- [Data block]:
--- START ---
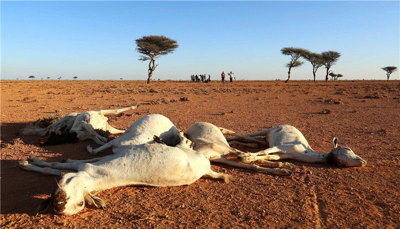 當?shù)貢r間2016年12月15日,索馬里邦特蘭,干旱的土地上散布著羊的尸體。當?shù)卦庥龈珊堤鞖?,牲畜受到危害?br/>
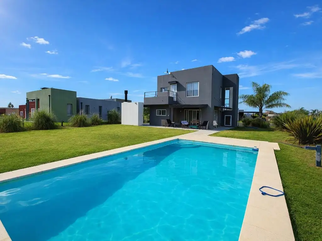 La casa cuenta con una superficie construida de 185 m² y una distribución funcional y moderna. En planta baja se desarrolla un amplio y luminoso living, comedor y cocina integrados, generando un espacio social cómodo y abierto, con visuales al jardín y salida directa al sector de galería y pileta. La cocina se encuentra equipada con buen espacio de guardado y mesadas de generosas dimensiones. En esta planta también se ubica un dormitorio, ideal para huéspedes, escritorio o playroom, un baño completo y lavadero independiente.
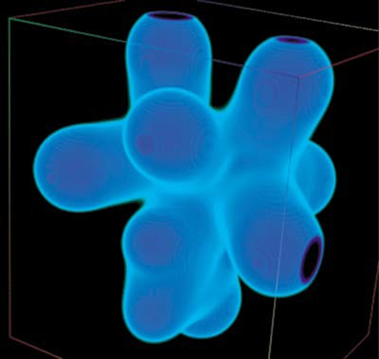In this striking image, negative charges are represented by shades of blue (the darker the denser), and the black spots show the parts of the molecule out of the computer program’s range.
--- END ---
Every line of the material must be reproduced verbatim; the pictures are to be omitted.

 當?shù)貢r間2016年12月15日,索馬里邦特蘭,干旱的土地上散布著羊的尸體。當?shù)卦庥龈珊堤鞖?,牲畜受到危害?br/>
 La casa cuenta con una superficie construida de 185 m² y una distribución funcional y moderna. En planta baja se desarrolla un amplio y luminoso living, comedor y cocina integrados, generando un espacio social cómodo y abierto, con visuales al jardín y salida directa al sector de galería y pileta. La cocina se encuentra equipada con buen espacio de guardado y mesadas de generosas dimensiones. En esta planta también se ubica un dormitorio, ideal para huéspedes, escritorio o playroom, un baño completo y lavadero independiente.
In this striking image, negative charges are represented by shades of blue (the darker the denser), and the black spots show the parts of the molecule out of the computer program’s range.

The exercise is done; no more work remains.